A recording studio is a specialized facility for the recording and mixing of instrumental or vocal musical performances and other sounds. It ranges in size from a small in-home project studio capable of recording only one singer-guitarist, to an entire building that can accommodate the largest orchestral recordings. In all cases, the acoustic properties of the rooms used for both the recording and listening are specially designed by an acoustician to achieve optimum sound quality.

Recording studios are usually divided into two spaces: the live room (where musicians perform) and the control room. In professional studios, there may also be smaller rooms called isolation booths for vocal recordings or louder instruments such as electric guitar amplifiers and speakers, to prevent their sounds from interfering with the microphones capturing other voices and instruments.

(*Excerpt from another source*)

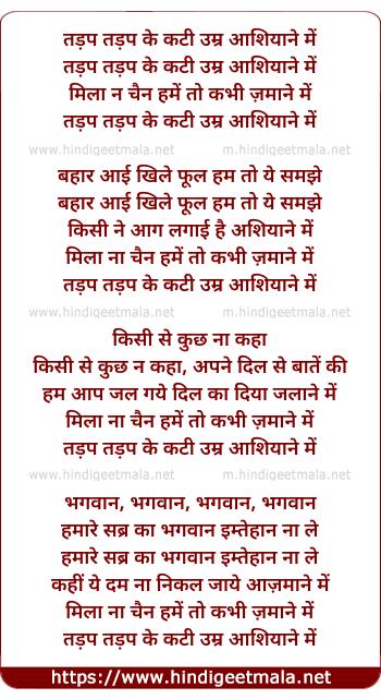 Lyrics of Tadap Tadap Ke Kati Umar Aashiyane Me - तड़प तड़प के कटी उम्र आशियाने में

A machine room where noisier equipment, such as racks of fan-cooled computers and power amplifiers, is kept separate from the main rooms, is another common feature.

In the past, a full-fledged “old school” analog recording studio might have required a few hundred square feet and cost a couple hundred thousand dollars (1990’s price tag). Nowadays, digital audio has made such high-quality, affordable and portable gear available that the same functions once performed only in large, expensive facilities can be accomplished with a computer, an inexpensive USB MIDI keyboard/controller or even a laptop and free or inexpensive music creation software. This accessibility has resulted in a number of new genres of music that would not have been possible with the old-school equipment used in classic recording studios.